Getting the Full Response

.entity(…​) returns only the parsed object. If you also need the underlying ChatResponse — for token usage, observability metadata, or anything beyond the entity — use .responseEntity(…​):

ResponseEntity<ChatResponse, ActorsFilms> result = chatClient.prompt()
    .user("Generate the filmography for a random actor.")
    .call()
    .responseEntity(ActorsFilms.class);

ActorsFilms films = result.entity();
ChatResponse raw = result.response();
long totalTokens = raw.getMetadata().getUsage().getTotalTokens();

It has the same overload set as .entity(…​) — Class, ParameterizedTypeReference, custom StructuredOutputConverter, and the EntityParamSpec consumer all apply.

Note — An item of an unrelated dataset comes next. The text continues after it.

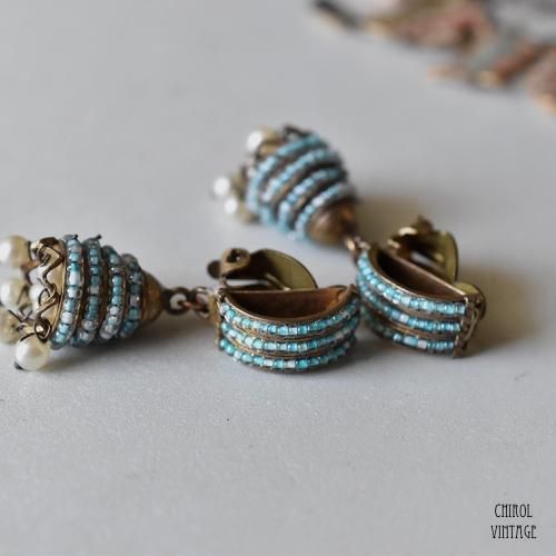 クリップ部分には、ハーフループになったブラスピースに、シードビーズが3列に編み込まれ、ふたつのパーツがそれぞれ存在感のあるリッチなデザイン。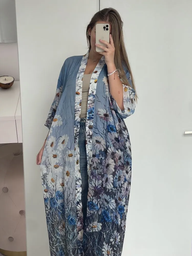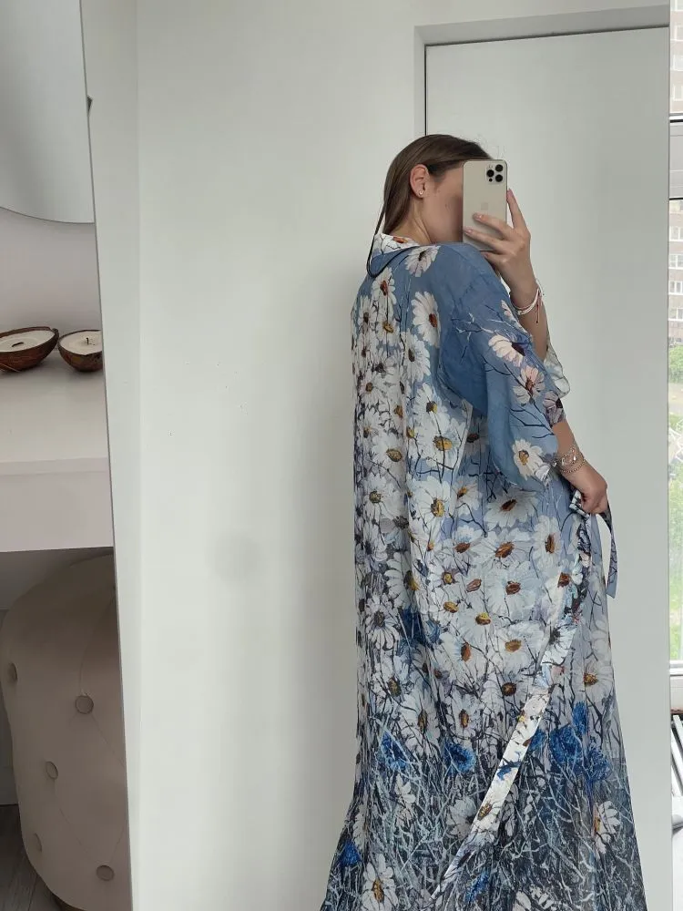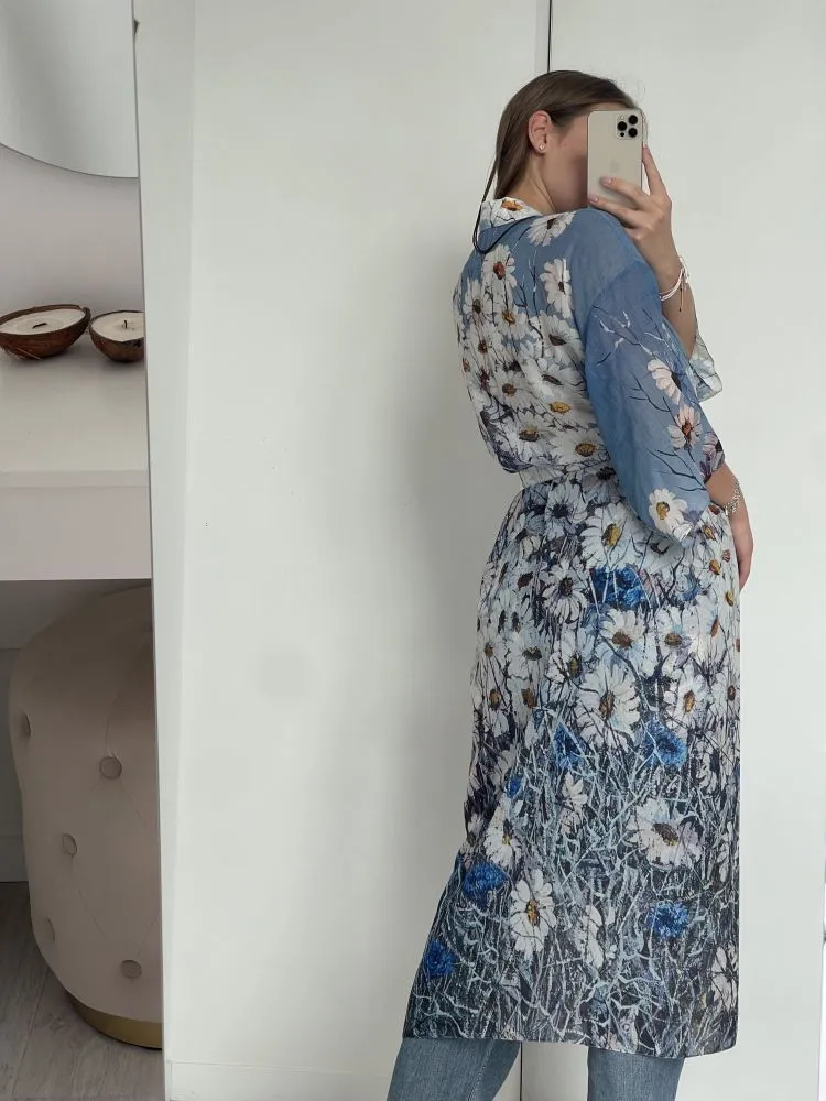 Довге кімоно з делікатного шовку та з унікальним принтом на основі картини української художника Івана Марчука. Виріб має оверсайз крій, прямі широкі рукава та пояс. Для кімоно використано штучний шовк, який м’яко драпірується та дарує ніжні обійми. Виріб легко носити соло або нашаровувати на будь-який одяг - на сукні, топи та брюки для створення невимушених образів. Кімоно підкреслить ваш неперевершений стиль та запам‘ятається яскравим малюнком на тлі глибокого синього кольору.

Custom and Non-JSON Output

When the built-in JSON parsing is not enough — the model wraps JSON in markdown fences, or you need a non-JSON format such as YAML or CSV — pass your own StructuredOutputConverter<T> to .entity(…​). See Output Converters.

Cheat Sheet

You need Use

Default — works on every provider

.entity(Type.class)

Generic types like List<T>, Map<K,V>

.entity(new ParameterizedTypeReference<…​>() {})

Don’t fail on malformed output

.entity(Type.class, spec → spec.validateSchema())

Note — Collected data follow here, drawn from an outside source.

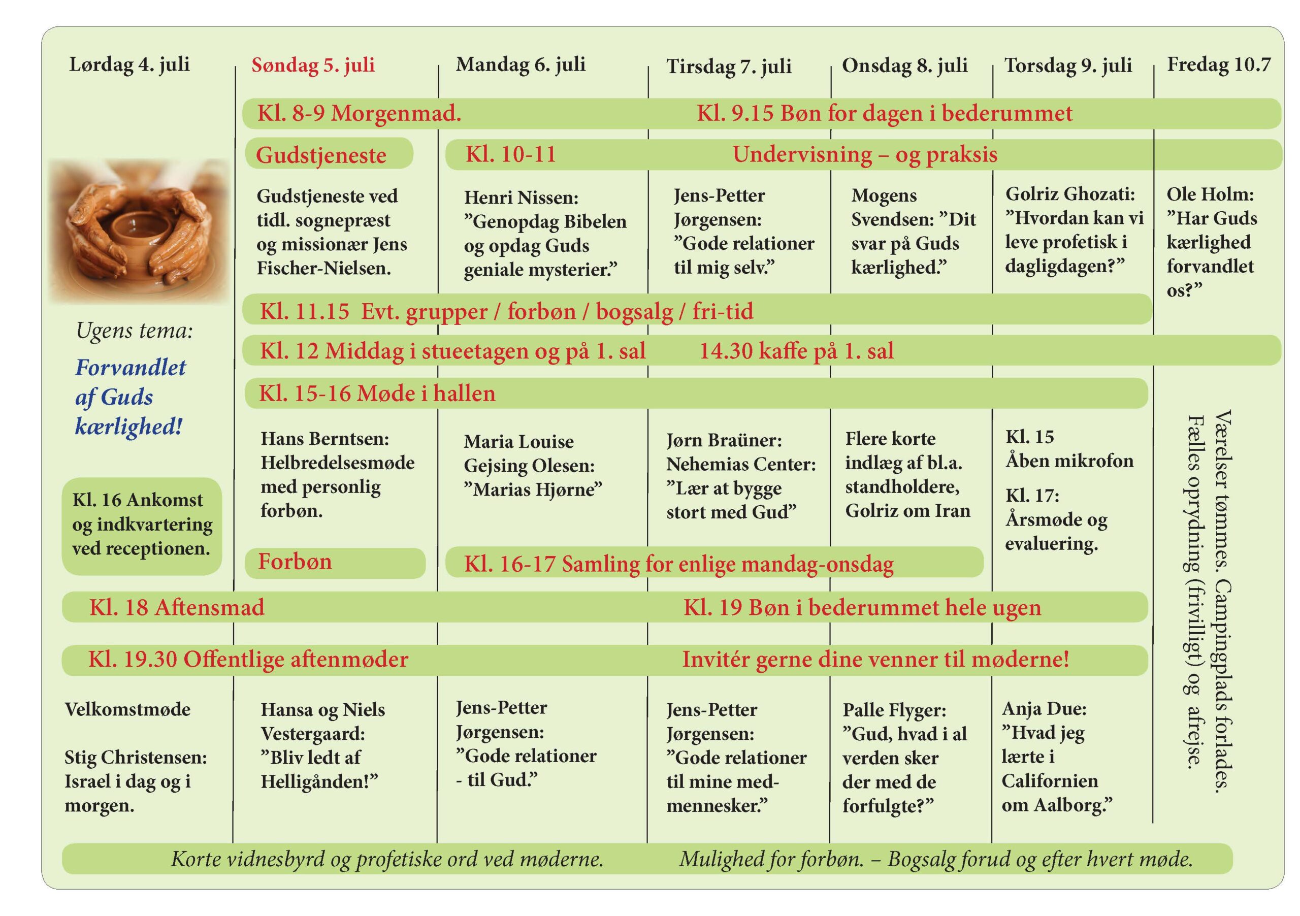 Kl. 19.30: Aftenmøde i hallen – begyndende med ca. ½ times lovsang. Tale kl. 20. Efter talen er der mulighed for personlig forbøn.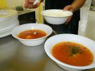 "Борщ смачний, а вчора був ще смачніший суп з шматками рибки. Ми з дівчатами дуже його любимо", - з'їдає до кінця першу страву Мілана Дуднік.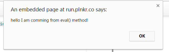 Here, I have put method "alert()" with some string inside eval() method as a string. eval() method evaluates it and generates JavaScript dynamic code alert() with value. Alert box will appear after the execution of the code like below.

Stronger upstream guarantees from the provider

.entity(Type.class, spec → spec.useProviderStructuredOutput())

Both — request constraint + response retry

.entity(Type.class, spec → spec.useProviderStructuredOutput().validateSchema())

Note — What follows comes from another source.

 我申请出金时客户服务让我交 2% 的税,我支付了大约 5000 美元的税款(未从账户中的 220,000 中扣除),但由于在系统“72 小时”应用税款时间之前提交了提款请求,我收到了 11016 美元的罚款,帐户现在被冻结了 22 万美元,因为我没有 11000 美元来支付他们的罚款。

Token usage / metadata alongside the entity

.responseEntity(…​) (same overloads)

Model wraps JSON in markdown fences, or non-JSON format

Implement StructuredOutputConverter<T> and pass it to .entity(…​)

Streaming responses

Not supported — .entity(…​) is .call()-only; .stream() returns text chunks, not typed objects

Structured output is a best effort to convert the model output into a structured type. The model is not guaranteed to return the requested structure. Use validateSchema() and/or useProviderStructuredOutput() when correctness matters.
The StructuredOutputConverter is not used for LLM Tool Calling, as this feature inherently provides structured outputs by default.